Les journalistes eux, n’ont toutefois  pas renoncé et ils se transforment maintenant en fins calculateurs des  probabilités d’additions des voix. Ce n’est pas « Qui Veut Gagner des Millions « mais : Qui va donner ses voix, à qui ?
La mode, inaugurée par Ségolène Royal en 2007 non sans panache, consiste à perdre en ayant gagné. Leurs idées ont triomphé, les Français leur ont fait confiance et ils détiennent les clés du second tour.
Marine Le Pen triomphe et c’est de bonne guerre, Jean-Luc Mélenchon subtil donne consigne de battre Sarkozy mais pas de voter Hollande. Bayrou est habité par la vraie vérité qui n’arrive pas à percer, mais il demeure le socle de l’avenir de la France. Hollande semblable à lui même : modeste. Sarkozy flambant neuf dans son énergie à vaincre.
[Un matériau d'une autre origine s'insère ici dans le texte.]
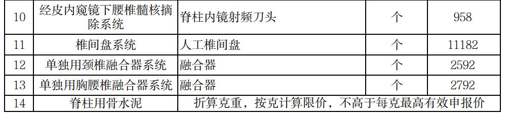 骨科脊柱類耗材集采中選產(chǎn)品以含伴隨服務(wù)費(fèi)的中選價(jià)格為支付標(biāo)準(zhǔn),使用超過(guò)或少于中選產(chǎn)品系統(tǒng)配備數(shù)量的中選產(chǎn)品部件,以各系統(tǒng)中選部件的中選價(jià)格為支付標(biāo)準(zhǔn),納入醫(yī)保支付范圍,醫(yī)保基金據(jù)實(shí)按規(guī)定比例支付。

On a  zappé sur BFM TV pour  voir Anne Sinclair… décevante, pas à la hauteur du  feuilleton dévastateur qui a mis Hollande au premier plan par défaut ; un commentaire sans grand intérêt et un second rôle d’observatrice de ce dont elle aurait pu être l’héroïne.
La bonne nouvelle c’est que les Français sont concernés par cette élection et s’y sont intéressés malgré ou à cause de ces mêmes medias ; la mauvaise c’est que si on additionne autre chose que des reports de voix on s’aperçoit que Mélenchon + Le Pen = 30% de Français qui ont peur des autres, veulent un retour vers le passé et préfèrent prendre aux riches que de prendre des risques.